Tenerife is the biggest and most well-known Canary Island, belonging to Spain, with over 10 million visitors a year. We all know that it is a mecca for lobster coloured beach dwelling Brits, looking to sleep off hangovers for a few weeks. The beaches however are quite simply to die for and no one could be blamed for wanting to spend a few weeks laid upon them.
Photo licensed under the Creative Commons, created by JUAN RAMON RODRIGUEZ SOSA
Hiking in Tenerife
The point is that there is so much more to the landscape of this magical island. For one it is home of Pico Del Teide, which is Spain’s tallest peak, at a towering 3718m. It has incredible forestry and rock formations, volcanic colours as you go inland, so definitely pack your walking boots. The basic rule if you are looking for a more unique and cultured experience is to head away from the south-western resorts. The capital of Tenerife is a prime example and is actually largely untainted by tourism, being right up on the north east of the island. It has the most incredible carnivals second only to perhaps Rio De Janerio, with amazing traditional fiesta spirit.
The English Tenerife
If however you are looking for white sand, neon lights, night clubs, foam parties and banging tunes, get yourself down south to Los Cristianos, Playa de Las Américas or Costa Adeje. You will be able to buy pie and chips, and even a full English breakfast! Also down in the southern region, you can go to one of two of Tenerife’s incredible waterparks. Siam Park is a Thai themed park with a multitude of thrilling slides, or Aqualand where you can even get to see a dolphin show. Other more animal orientated water activities are the submarine safari, where you can go dolphin and whale spotting in a transparent submarine. Spectacular underwater scenes where bottlenose dolphins and pilot whales are known to migrate, also white and sperm whales are known to have been sighed.

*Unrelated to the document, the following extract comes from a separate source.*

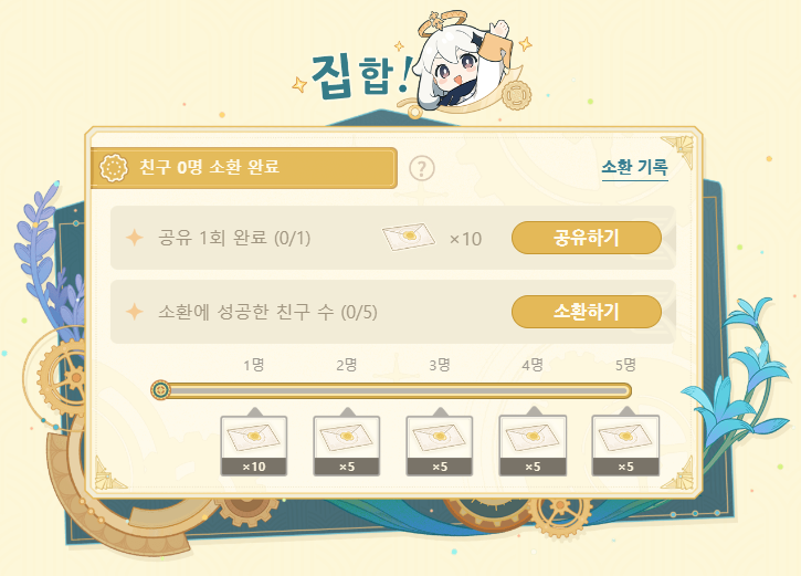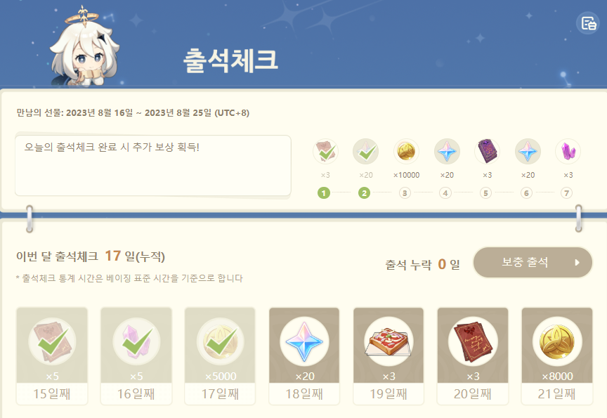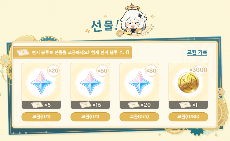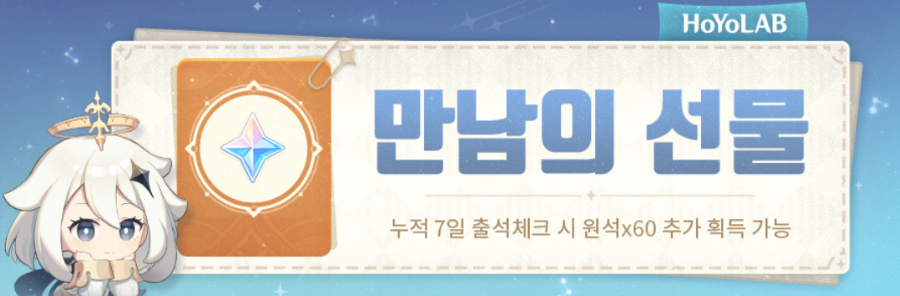 만남의 선물 보상 목록 원석 x 60 영웅의 경험 x 3 모험가의 경험 x 3 모라 x 10,000 정제용 광물 x 3 |
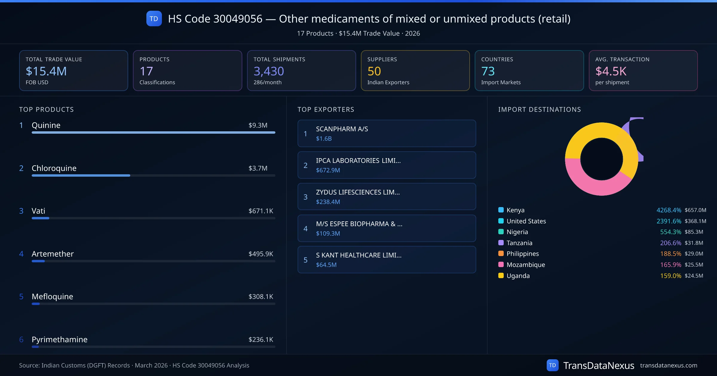 HS Code 30049056 (Other medicaments of mixed or unmixed products (retail)) is one of India's most significant pharmaceutical export classifications under Chapter 30 of the Harmonized System. With a total trade value of $15.4M across 3,430 shipments, this code covers 17 distinct pharmaceutical products exported by 50 Indian manufacturers to 73 countries. The leading product under this classification is Quinine at $9.3M, followed by Chloroquine and Vati.

Photo licensed under the Creative Commons, created by Javier Sanchez Portero
Culture in Tenerife
For a more ‘intellectual’ attraction you could go to the region of Chacona and visit The Gumar Pyramids. The pyramids are not, as you at first may think, ancient like the Giza Pyramid in Egypt. They are in fact the subject of serious controversy, implying that they may be as recent as the 19th century. It is said that there were many such constructions throughout Tenerife, but they have been systematically taken apart for cheap building materials. The site of the Gumar Pyramids used to contain 9 structures, but today only has 6. Excavations have as yet only been inconclusive.
On the south coast, you can go to Icod De los Vinos and visit Cueva Del Viento (Cave of Winds) which is the largest volcanic cavity in the world. Also this is where you can find the ancient and mystical Dragon Tree, which is said to be over 800 years old. It is called a ‘Dragon Tree’ as when the leaves are cut they secrete a red resin which is said to be the dried blood of dragons. This apparently has healing properties, and in the past it was extracted on an industrial scale to make varnishes and lacquers, and as a result, the Dragon Tree is a protected species.